Entretanto, a caminho da transição da primeira para a segunda parte do show, quase semimorto, com a música BROKEN HEART, com a participação de Rui Michel, o concerto ganhou outro alento, arrancando uma chuva de aplausos. Grande Rui Michel. “Este puto é louco” – ouvi dizer de alguém que acrescentou – “é um one man show”. Não sei se é louco. Acho que estava louco. Mas fez show – e é isso o que é importante.

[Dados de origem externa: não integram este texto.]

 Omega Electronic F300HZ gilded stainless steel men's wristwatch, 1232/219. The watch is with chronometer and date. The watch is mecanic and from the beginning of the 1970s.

O palco e a plateia explodiram com o Rui Michel – que pena, apesar de todo o seu teatrinho, diga-se, quase bem sucedido, o rei do rock estava completamente desafinado. Quis explorar uma voz típica do hard-rock, um tom underground, que não se harmonizou com a proposta de um concerto perfeito que Gabriela pensara. Tal como MINA NA WENA – mais adiante –, BROKEN HEART foi a música que nos penetrou as entranhas, envolvendo-nos na sua problemática.

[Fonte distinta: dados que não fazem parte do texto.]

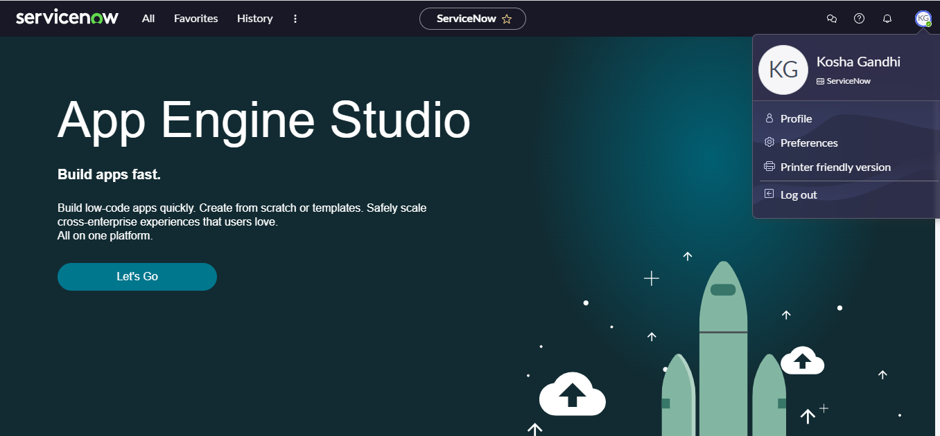 We will now be redirected to the ServiceNow home page using the logged in users crendentials as shown below:

De qualquer modo, o Rui foi o instrumento que quebrou o gelo, recordando aos presentes que eles são moçambicanos, e, por conseguinte, sabem cantar, dançar e gritar. Enfim celebrar. Mas acima de tudo que se emocionam. Há emoções que é preciso vivê-las no instante. Gabriela, a Pop Rock, auto-confiante, cantou MINA NA WENA, grande hit, assumindo-se como uma felina de cabelos de fogo e uma voz de ouro. Para mim, a Gabriela é isso: Uma felina com cabelo escarlate e uma voz de ouro. Eu não disse dourada, atenção! Mostrou garra, segurança e domínio e soltou-se para o
mundo… vá fundo!

Mas só um comentário curioso – eu não entendi o luto de que se trajou, tanto na primeira como na segunda parte do show. Não tenho nada contra o preto, mas… Relativamente à segunda parte do espectáculo, existem poucas coisas de que gostei, nomeadamente, a primeira prestação da Iveth Mafundza. Não apreciei a sua presença na segunda. Era uma peça a mais. Patética! Não gostei do The Most (é assim que se escreve? Não sei.) Refiro-me ao DJ. Acho que tem parar de fazer barulho e cantar – se souber. Do contrário, que toque a música de outros na discoteca. Não levem pessoas ao palco só por puro formalismo técnico.

O público está atento. ACONTECE A ideia de colocar-nos a ouvir o disco até podia ser boa, aliás original, mas eu não gostei. Aliás, ela só concorreu para o subaproveitamento da banda e da orquestra. Eu fui ao show para ver Gabriela a cantar e não para ouvir o seu disco a tocar no rádio, como aconteceu. Para isso, comprei o disco…
Para finalizar, sejamos objectivos, embora tenha estado no palco, Ras Hatrm não actuou – não sei as razões. Não o vi! Aconteceu uma coisa rara: tamanha fofurice. A parte mais ternurenta do show – se calhar a alma do evento – foi a actuação do trio Simba, Gabriela e G2. Legend! Antes de terminar, sinto-me na obrigação de atribuir nota ao evento. Enquanto evento – uma superprodução. Com o protocolo a funcionar perfeitamente. Portanto, numa escala de 0 a 20, dou 14 valores.

PARABÉNS À FELINA DE CABELO ESCARLATE E VOZ DE OURO. Viva a cultura moçambicana. Tudo ACONTECE!